# New Game: "Make Rich Parsons Famous!"



## Cruentus (Apr 19, 2006)

I have noticed that 2 people have MT staff member Rich Parsons quotes in their signatures. Since editing mine, I now make #3. So...I thought of an idea for a fun new game. 

It is called "Make Rich parsons Famous!"

Basically, here is what you do:

1. Do an "advanced search" on any key word you might find interesting with Rich Parsons as the poster.

2. Find an interesting Rich Parsons quote.

3. click on "Quote," so that it properly quote Rich and will show up like in my sig below (or you can just type: (bracket)quote=Rich parsons] type in quote... [/quote], cut to the saying that you like, then copy the quote. 

4. Go to edit your sig, and paste the quote there.

You now have your "Make Rich Parsons famous" saying right in your sig!

I think that later we can vote on the best ones if we get enough people to play!


----------



## Lisa (Apr 19, 2006)

Hey!  I love the idea!  I was the first to quote him


----------



## OnlyAnEgg (Apr 19, 2006)

I'm in!


----------



## Carol (Apr 19, 2006)

What if I want to make you famous, Paul?


----------



## shesulsa (Apr 19, 2006)

I'm already there ... though I might change it a wee bit! *tee hee*


----------



## Flatlander (Apr 19, 2006)

Too much fun!  I'm in.


----------



## Flatlander (Apr 19, 2006)

ROFL, found a better one!


----------



## Bigshadow (Apr 19, 2006)

I am in...


----------



## James Patrick (Apr 19, 2006)

This is the best game ever! lol


----------



## Bigshadow (Apr 19, 2006)

I certainly hope Rich isn't offended by this.  Many of these quotes are so funny because they are taken out of context.


----------



## James Patrick (Apr 19, 2006)

I found another good one that someone else can use:



			
				Rich Parsons said:
			
		

> Have they made an internet deodorant yet?


 
And, no, I don't think Rich would be offended.
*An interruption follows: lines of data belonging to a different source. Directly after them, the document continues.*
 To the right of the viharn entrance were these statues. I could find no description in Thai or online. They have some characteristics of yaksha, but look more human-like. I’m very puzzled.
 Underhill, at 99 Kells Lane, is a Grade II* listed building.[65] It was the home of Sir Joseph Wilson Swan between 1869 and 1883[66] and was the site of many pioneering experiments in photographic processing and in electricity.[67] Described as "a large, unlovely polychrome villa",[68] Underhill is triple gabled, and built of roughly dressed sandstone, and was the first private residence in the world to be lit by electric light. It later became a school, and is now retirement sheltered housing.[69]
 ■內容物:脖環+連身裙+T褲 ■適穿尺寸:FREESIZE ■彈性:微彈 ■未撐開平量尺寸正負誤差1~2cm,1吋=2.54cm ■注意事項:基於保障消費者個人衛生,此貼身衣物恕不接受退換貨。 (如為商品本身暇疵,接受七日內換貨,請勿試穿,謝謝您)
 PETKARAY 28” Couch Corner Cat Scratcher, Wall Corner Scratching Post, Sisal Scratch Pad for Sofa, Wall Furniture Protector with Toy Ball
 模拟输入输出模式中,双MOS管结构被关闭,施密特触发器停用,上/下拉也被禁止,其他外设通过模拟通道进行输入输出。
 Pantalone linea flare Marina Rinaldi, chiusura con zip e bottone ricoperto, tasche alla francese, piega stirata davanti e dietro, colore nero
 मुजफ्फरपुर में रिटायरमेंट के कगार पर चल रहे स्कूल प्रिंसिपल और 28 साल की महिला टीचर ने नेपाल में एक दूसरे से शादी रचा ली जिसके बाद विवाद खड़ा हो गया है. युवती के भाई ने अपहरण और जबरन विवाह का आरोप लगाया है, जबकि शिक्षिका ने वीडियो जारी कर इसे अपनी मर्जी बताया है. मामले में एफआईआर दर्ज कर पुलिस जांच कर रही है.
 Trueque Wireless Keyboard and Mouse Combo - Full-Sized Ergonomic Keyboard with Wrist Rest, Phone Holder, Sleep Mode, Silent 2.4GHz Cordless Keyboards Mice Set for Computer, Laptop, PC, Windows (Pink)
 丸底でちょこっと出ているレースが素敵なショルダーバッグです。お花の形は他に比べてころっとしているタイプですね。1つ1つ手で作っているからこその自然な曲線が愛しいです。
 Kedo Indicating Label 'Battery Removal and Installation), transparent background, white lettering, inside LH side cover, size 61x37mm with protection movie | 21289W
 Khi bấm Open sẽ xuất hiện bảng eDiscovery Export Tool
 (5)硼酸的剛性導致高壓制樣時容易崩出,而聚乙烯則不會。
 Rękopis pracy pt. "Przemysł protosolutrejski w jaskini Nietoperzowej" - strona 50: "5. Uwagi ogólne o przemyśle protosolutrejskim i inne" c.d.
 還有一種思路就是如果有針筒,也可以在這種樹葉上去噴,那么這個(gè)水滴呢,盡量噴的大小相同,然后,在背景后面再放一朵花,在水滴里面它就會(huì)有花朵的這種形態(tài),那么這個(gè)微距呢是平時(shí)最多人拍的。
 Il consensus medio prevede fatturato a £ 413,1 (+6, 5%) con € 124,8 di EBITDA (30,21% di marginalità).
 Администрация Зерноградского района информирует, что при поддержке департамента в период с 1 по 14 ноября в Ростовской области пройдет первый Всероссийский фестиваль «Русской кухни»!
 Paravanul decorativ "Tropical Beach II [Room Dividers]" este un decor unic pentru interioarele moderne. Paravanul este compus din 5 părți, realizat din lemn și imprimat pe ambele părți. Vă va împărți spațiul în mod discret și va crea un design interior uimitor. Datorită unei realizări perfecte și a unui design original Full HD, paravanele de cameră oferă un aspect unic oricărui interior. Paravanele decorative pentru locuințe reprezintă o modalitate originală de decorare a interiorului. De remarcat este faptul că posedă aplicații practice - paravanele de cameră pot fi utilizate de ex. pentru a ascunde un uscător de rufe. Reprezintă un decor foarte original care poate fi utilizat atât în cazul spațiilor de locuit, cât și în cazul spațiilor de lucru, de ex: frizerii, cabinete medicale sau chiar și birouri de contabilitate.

I've met Rich before, he knows when it is all in good fun. 

If he is offended, though, you would never know it... until he was standing over your bed with a hatchet!  lol


----------



## Lisa (Apr 19, 2006)

This is fun.  Just had to change mine too


----------



## OnlyAnEgg (Apr 19, 2006)

lol...found a better one!


----------



## Flatlander (Apr 19, 2006)

:roflmao:This is the best game ever!


----------



## shesulsa (Apr 19, 2006)

Flatlander said:
			
		

> ROFL, found a better one!



My quote is better than YOOOUUUUR quote.... :lol2:


----------



## OnlyAnEgg (Apr 19, 2006)

shesulsa said:
			
		

> Quote:
> Originally Posted by Rich Parsons
> ... I stroke my own cup with my rattan cane to show that even if I stayed on the side lines I came prepared.



rofl!

I wrote a poem for that one!

"I stroke my cup 
with my rattan cane
It does protect
and deflect pain
And with my cane
I'll give a poke
and, once again,
my cup I'll stroke"


----------



## SFC JeffJ (Apr 19, 2006)

How 'bout this one?


----------



## Carol (Apr 19, 2006)

James Patrick said:
			
		

> And, no, I don't think Rich would be offended. I've met Rich before, he knows when it is all in good fun.
> 
> If he is offended, though, you would never know it... until he was standing over your bed with a hatchet!  lol


 
I hope he isn't, too.  I've never met him personally, but, even in good fun to see a friend get teased a lot gets to me.


----------



## Rich Parsons (Apr 19, 2006)

OMG, I am laughing so hard I am crying right now.  :lol: :rofl: :roflmao:

It is interesting the stuff I have said. 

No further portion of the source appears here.